## Data supplied
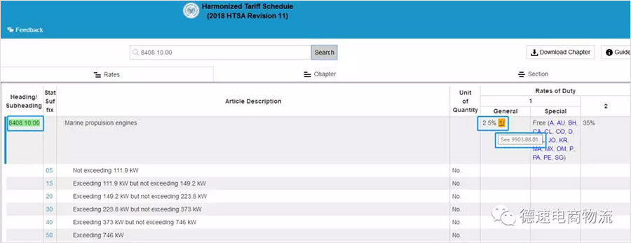 小德舉個栗子給大家說明一下:我們以稅號為“8408.10.00”的船用推進發動機為例演示,這項產品被列入了160億美元的加稅清單中,此前它的進口稅率在“General”處顯示是2.5%。但它后面跟著一個“1”,顯示讓我們再去查看“9903.88.01”這個副標題。
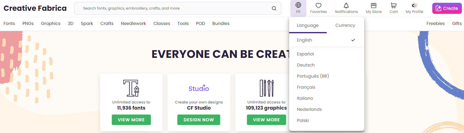 Currently the Creative Fabrica site is available in 8 different languages - English, Spanish, German, Portugese, Dutch, Italian, French and Polish.
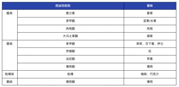 电子烟的烟油含有多种香味添加剂,按照化学元素类别可分为醛类、醇类、吡嗪、酮类,以及包括乙基麦芽醇在内的甜味剂(如下图表)。
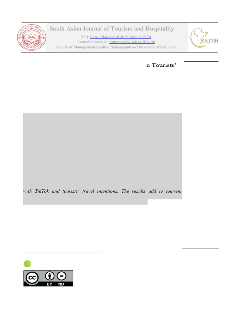with TikTok and tourists’ travel intentions. The results add to tourism
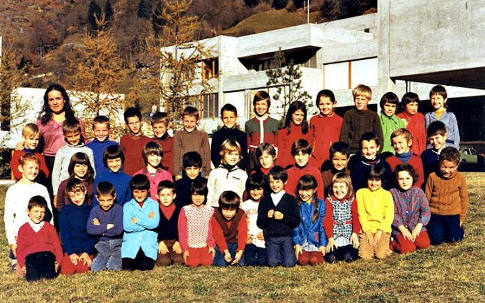 Allievi della 2a classe elementare della scuola di Poschiavo (annata 1963) nel 1971-1972 con la maestra Valentina Menghini.
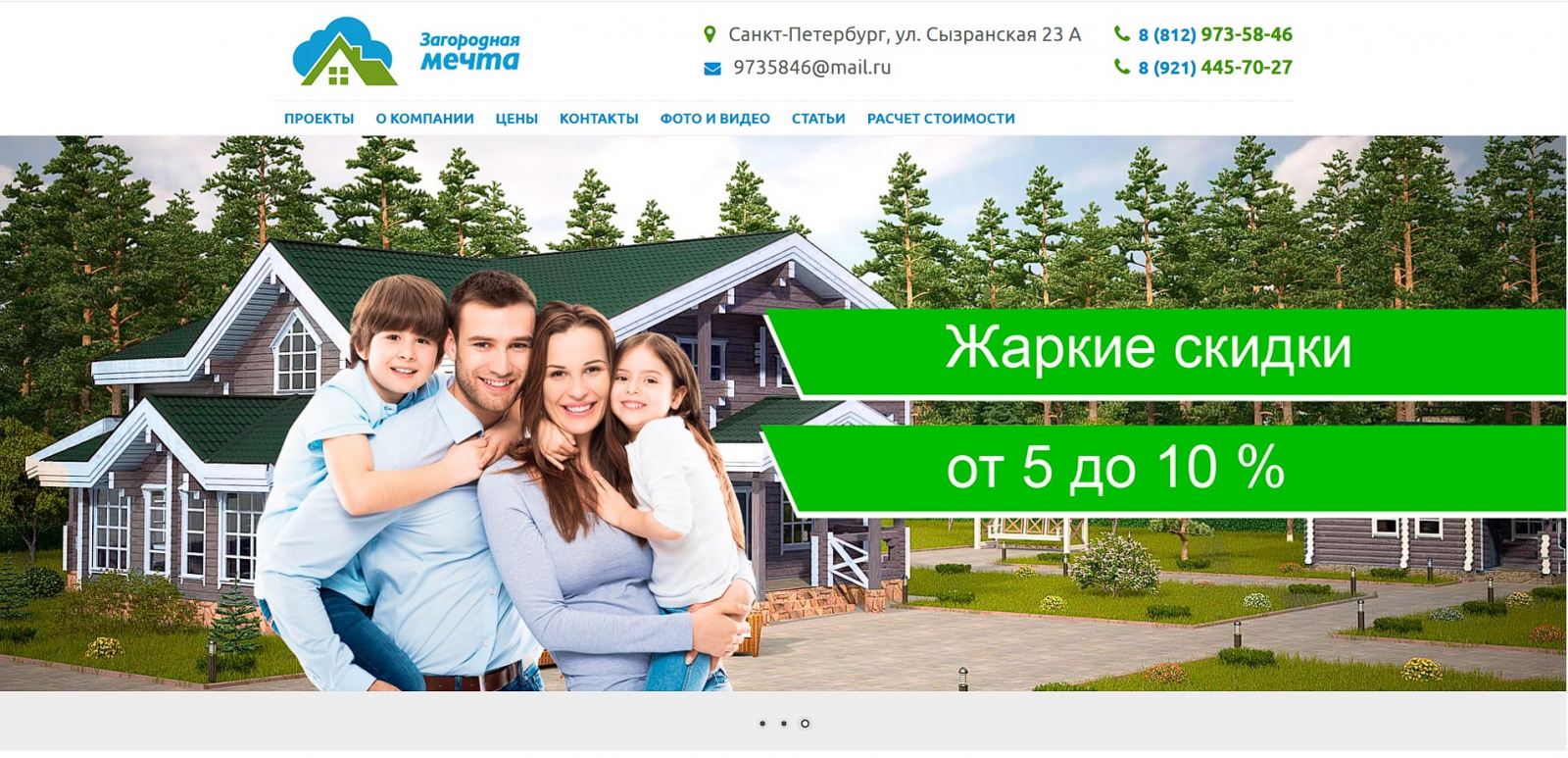 Компания «Загородная мечта» оказывает услуги деревянного строительства: проектирует, строит дома из профилированного бруса и каркасно-щитовой технологии. Собственный цех по производству свайно-винтовых фундаментов, бань и беседок – полный цикл работ. Клиент может заказать дом в комплектации «с отделкой» или просто домокомплект для самостоятельной сборки.
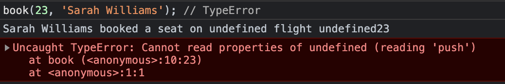 book(23, 'Sarah Williams'); // TypeError
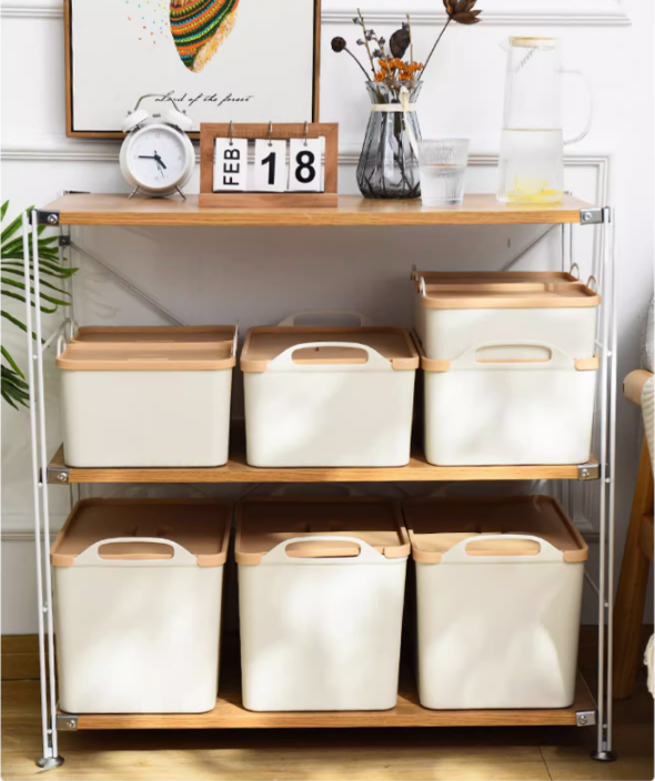 爆款帶蓋手提塑料收納箱(白色中號)(尺寸:23.5*16*15.5CM)
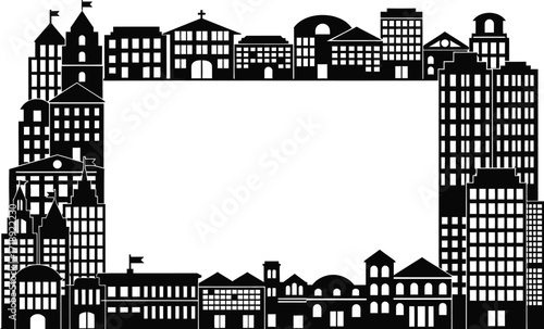 Obraz premium Cityscape buildings frame vector illustration black and white editable stock
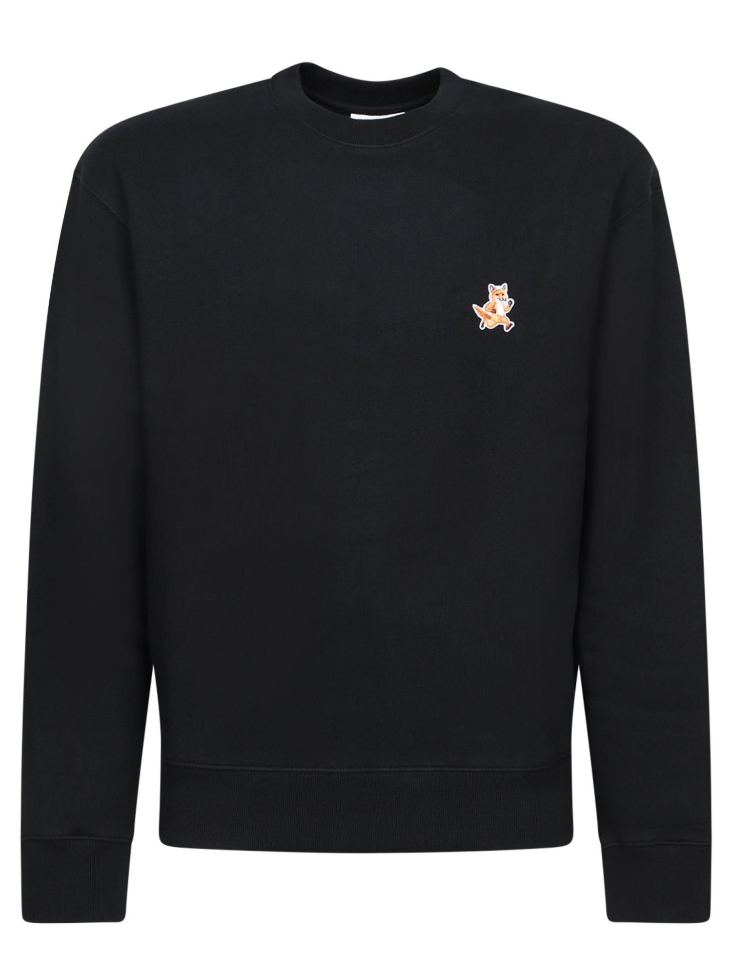 Black cotton sweatshirt. Crew neck. Long sleeves. Iconic Speedy Fox patch on the chest.

## What the task requires
Your copy of the entries must be exact and must not include any of their pictures.

## Result for this task
 小德舉個栗子給大家說明一下:我們以稅號為“8408.10.00”的船用推進發動機為例演示,這項產品被列入了160億美元的加稅清單中,此前它的進口稅率在“General”處顯示是2.5%。但它后面跟著一個“1”,顯示讓我們再去查看“9903.88.01”這個副標題。
 Currently the Creative Fabrica site is available in 8 different languages - English, Spanish, German, Portugese, Dutch, Italian, French and Polish.
 电子烟的烟油含有多种香味添加剂,按照化学元素类别可分为醛类、醇类、吡嗪、酮类,以及包括乙基麦芽醇在内的甜味剂(如下图表)。
with TikTok and tourists’ travel intentions. The results add to tourism
 Allievi della 2a classe elementare della scuola di Poschiavo (annata 1963) nel 1971-1972 con la maestra Valentina Menghini.
 Компания «Загородная мечта» оказывает услуги деревянного строительства: проектирует, строит дома из профилированного бруса и каркасно-щитовой технологии. Собственный цех по производству свайно-винтовых фундаментов, бань и беседок – полный цикл работ. Клиент может заказать дом в комплектации «с отделкой» или просто домокомплект для самостоятельной сборки.
 book(23, 'Sarah Williams'); // TypeError
 爆款帶蓋手提塑料收納箱(白色中號)(尺寸:23.5*16*15.5CM)
 Obraz premium Cityscape buildings frame vector illustration black and white editable stock
 Black cotton sweatshirt. Crew neck. Long sleeves. Iconic Speedy Fox patch on the chest.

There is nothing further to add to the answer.